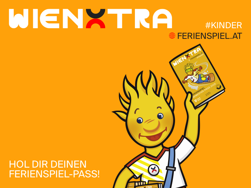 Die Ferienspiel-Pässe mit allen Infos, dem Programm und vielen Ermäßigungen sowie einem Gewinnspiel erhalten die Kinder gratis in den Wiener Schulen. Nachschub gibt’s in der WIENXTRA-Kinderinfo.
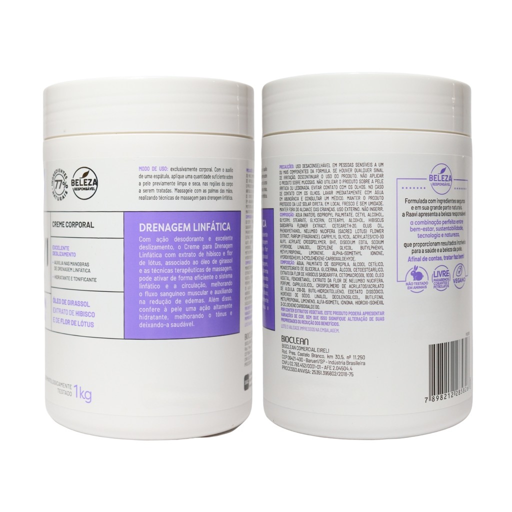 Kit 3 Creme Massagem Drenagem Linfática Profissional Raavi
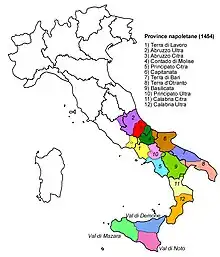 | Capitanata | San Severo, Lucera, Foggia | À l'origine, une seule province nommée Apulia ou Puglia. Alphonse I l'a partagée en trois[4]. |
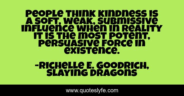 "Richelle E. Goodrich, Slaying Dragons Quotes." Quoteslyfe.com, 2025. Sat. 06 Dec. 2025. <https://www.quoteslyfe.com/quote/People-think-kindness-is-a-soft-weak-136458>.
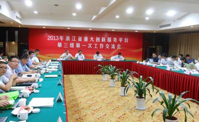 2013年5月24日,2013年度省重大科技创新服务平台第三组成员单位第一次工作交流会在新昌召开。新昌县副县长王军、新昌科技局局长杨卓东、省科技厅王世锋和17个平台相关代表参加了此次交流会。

· · · · ·

- [PROBLEM TO WORK ON]: Your task is to restate word for word the lines from the one containing "E. Goodrich, Slaying" through the last line of the data, both ends included, with no pictures.

- [RESPONSE BELOW]:
 "Richelle E. Goodrich, Slaying Dragons Quotes." Quoteslyfe.com, 2025. Sat. 06 Dec. 2025. <https://www.quoteslyfe.com/quote/People-think-kindness-is-a-soft-weak-136458>.
 2013年5月24日,2013年度省重大科技创新服务平台第三组成员单位第一次工作交流会在新昌召开。新昌县副县长王军、新昌科技局局长杨卓东、省科技厅王世锋和17个平台相关代表参加了此次交流会。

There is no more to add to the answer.